More concretly, given an integrable function $f$, I'd like to know how to explicitely construct a sequence of functions in $C_c(\mathbb{R})$ that converges to it in $L_1$, without just using simple functions at all, or their density in $L_1(\mu)$.
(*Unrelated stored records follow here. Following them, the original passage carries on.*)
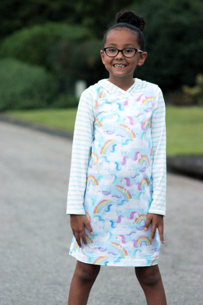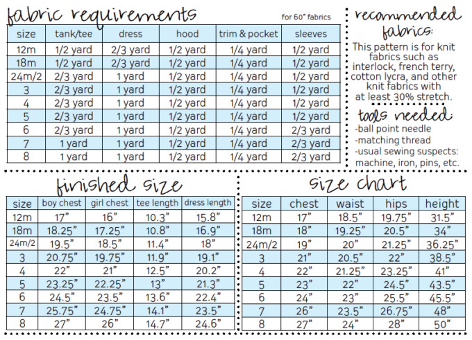 Choose a tee or dress, short or long sleeves, and pocket or no pocket for the Wasabi that’s just right for you! The boy pattern pieces are drafted separately from the girls for a better fit and are 1″ longer. The girls pieces have slight shaping to the side seams for a more feminine touch.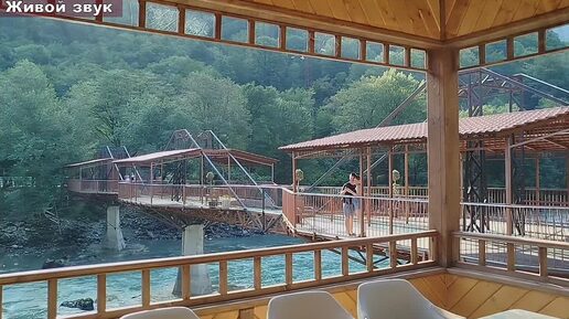 Стеклянный мост через горную реку в Абхазии. Местная достопримечательность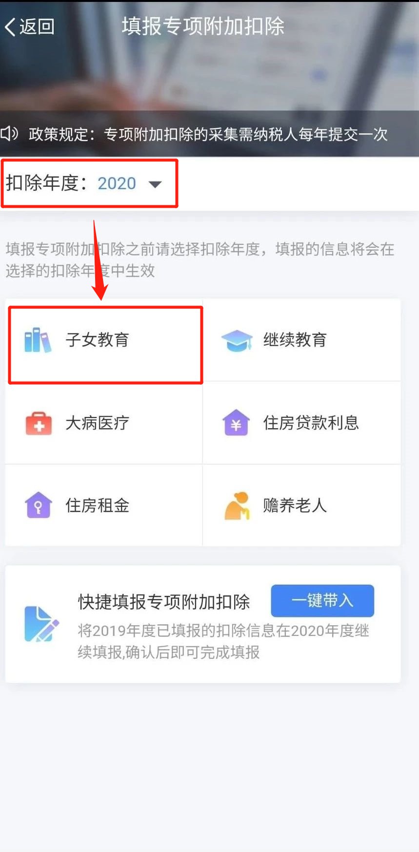 第二步:选择扣除年度“2021”,点击“子女教育”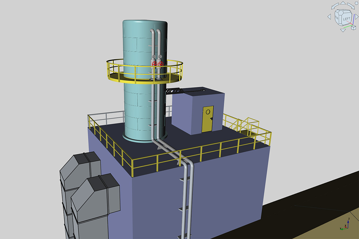 bei der Konstruktion prüfen zu können, habe ich ein 3D-Modell der gesamten Konverterhalle mit FreeCad erstellt. Damit können die neuen Teile bereits virtuell an ihren späteren Platz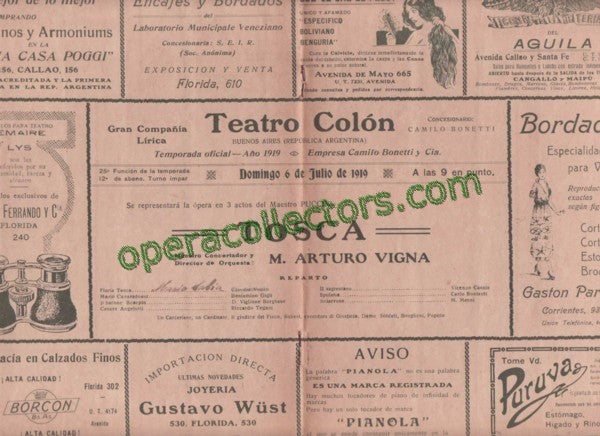 TOSCA - July 6th, 1919. Teatro Colon program with Gigli, Claudia Muzio is in the cast but couldn?t sing that night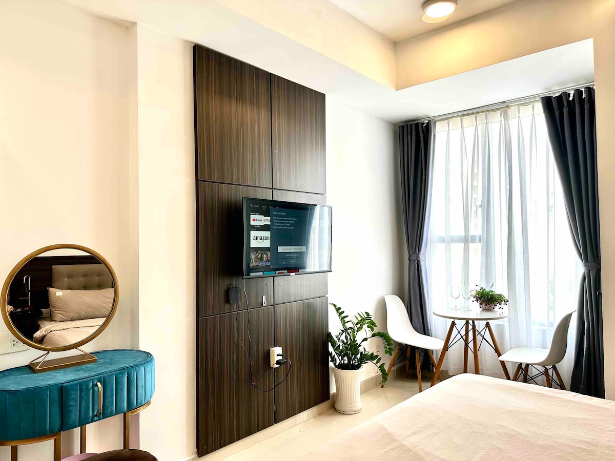 A beautifully designed studio apartment with everything you need, centrally located but hidden away just enough for a peaceful night of sleep away from the heavy city noise. Great for travelers who want to explore Saigon and are looking for quality comfort and a more local experience. - Beautiful swimming pool - Free fast wifi, Cable TV - Free amenities for your living: washer, dryer, AC, fridge, hot water - Kitchen with enough tools for your cooking. Note: Not provide/support VAT invoices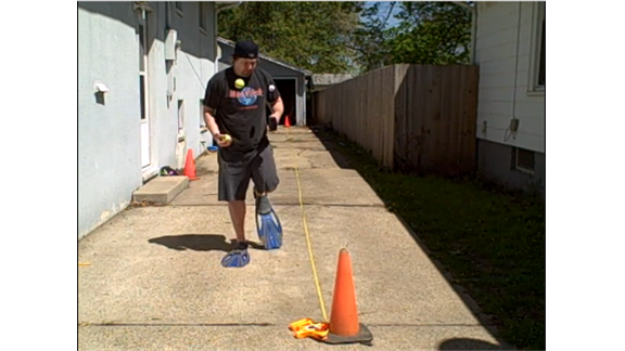 Fastest Time To Walk 100 Yards Wearing Swim Fins While Bouncing A Golf Ball On A Rubber Mallet And Juggling Two Tennis Balls Simultaneously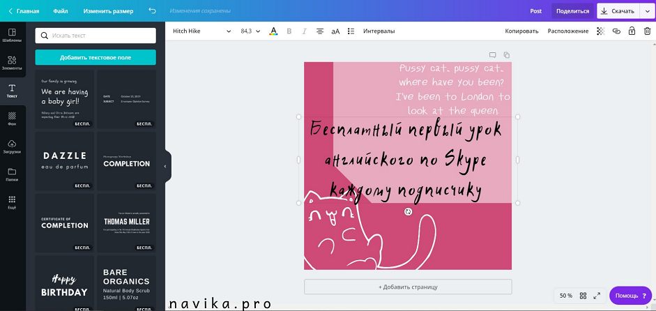 В разделе «Текст» представлены уже готовые шаблоны, многие шрифты в них доступны исключительно на английском языке, потому проще добавить текстовое поле и выбрать шрифт для него из тех, что доступны на кириллице. Русскоязычных шрифтов около 115 штук, и они весьма разнообразны. В трендах 2019 года шрифты bold и handwritten, поэтому они фигурируют в примере.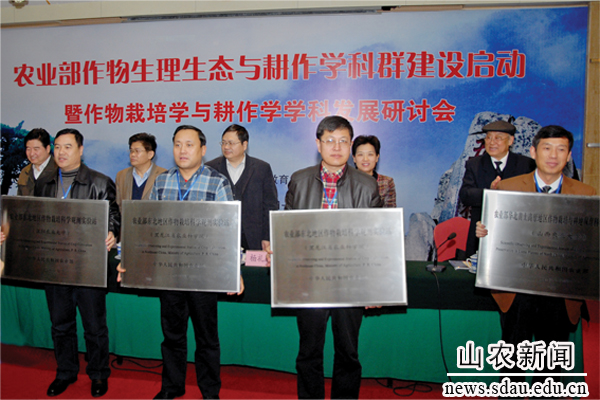 3月1日至2日,农业部作物生理生态与耕作学科群建设启动暨作物栽培学与耕作学学科发展研讨会在泰安召开。会议由于振文院士主持。农业部科技教育司技术引进与条件建设处处长杨礼胜、KY开元集团官网党委书记邢善萍、副校长董树亭、农业厅科技处处长姜卫良参加会议并为实验室和实验站授牌。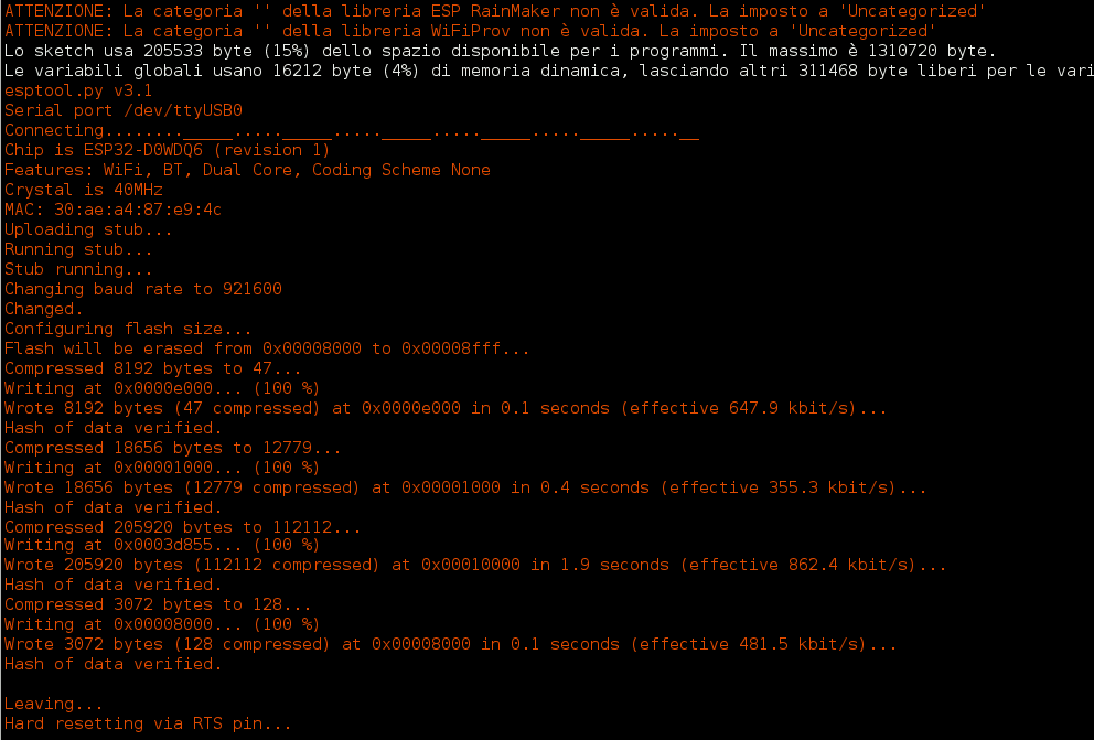 Compilazione e programmazione si fanno con le medesime procedure di Arduino.

I thought about defining $f_k:=f\chi_{E_k}$, where $E_k:=\{x\in\mathbb{R}: |f(x)|\geq \frac 1k\}$, but there's no guarantee that these would be continuous (there's no guarantee that $f$ is continuous). Perhaps there is a way to "smooth" them out enough to make them continuous?
Solution 1:
Another approach uses the representation of the dual $\left[ L^1(\mathbb{R})\right]^\star$ as $L^\infty(\mathbb{R})$ and the Hahn-Banach separation theorem. Namely, to prove that a vector subspace of a Banach space is dense we only need to show that the only continuous linear functional that vanishes on it is the null one.
To do this fix $\phi \in L^\infty(\mathbb{R})$ and suppose that $$\tag{1}\int_{-\infty}^\infty \phi(x)f(x)\, dx=0, \quad \forall f\in C_c(\mathbb{R}).$$ We claim that $\phi=0$ almost everywhere. Indeed, let $a<b$ be fixed numbers. Approximate the characteristic function $\chi_{[a,b]}$ with a family $\chi^{(\varepsilon)}_{[a, b]}$ of "trapezoidal-like" functions:
We have $$\int_{-\infty}^\infty \left\lvert \chi_{[a,b]}(x)-\chi_{[a,b]}^{(\varepsilon)}\right\rvert\, dx = 2\varepsilon$$ so \begin{align} \left\lvert \int_{-\infty}^\infty \phi(x)\chi_{[a,b]}(x)\, dx - \int_{-\infty}^\infty \phi(x)\chi_{[a, b]}^{(\varepsilon)}(x)\, dx \right\rvert & \le \lVert \phi\rVert_{\infty} \int_{-\infty}^\infty \left\lvert \chi_{[a,b]}(x)-\chi_{[a,b]}^{(\varepsilon)}(x)\right\rvert\, dx \\ &=2\varepsilon \lVert \phi\rVert_\infty. \end{align} In particular, $$\int_a^b \phi(x)\, dx=\lim_{\varepsilon \to 0} \int_{-\infty}^\infty \phi(x)\chi_{[a,b]}^{(\varepsilon)}\, dx,$$ and the last limit is $0$ due to our assumption (1): indeed, every $\chi_{[a, b]}^{(\varepsilon)}$ is a continuous function with compact support. We have thus shown that $$\tag{2} \int_a^b\phi(x)\, dx=0, \qquad \forall a<b.$$ It is intuitively clear that this can happen only if $\phi=0$ almost everywhere: for a rigorous proof of this you can apply the Lebesgue differentiation theorem or Lemma 1 of this post. This proves the claim.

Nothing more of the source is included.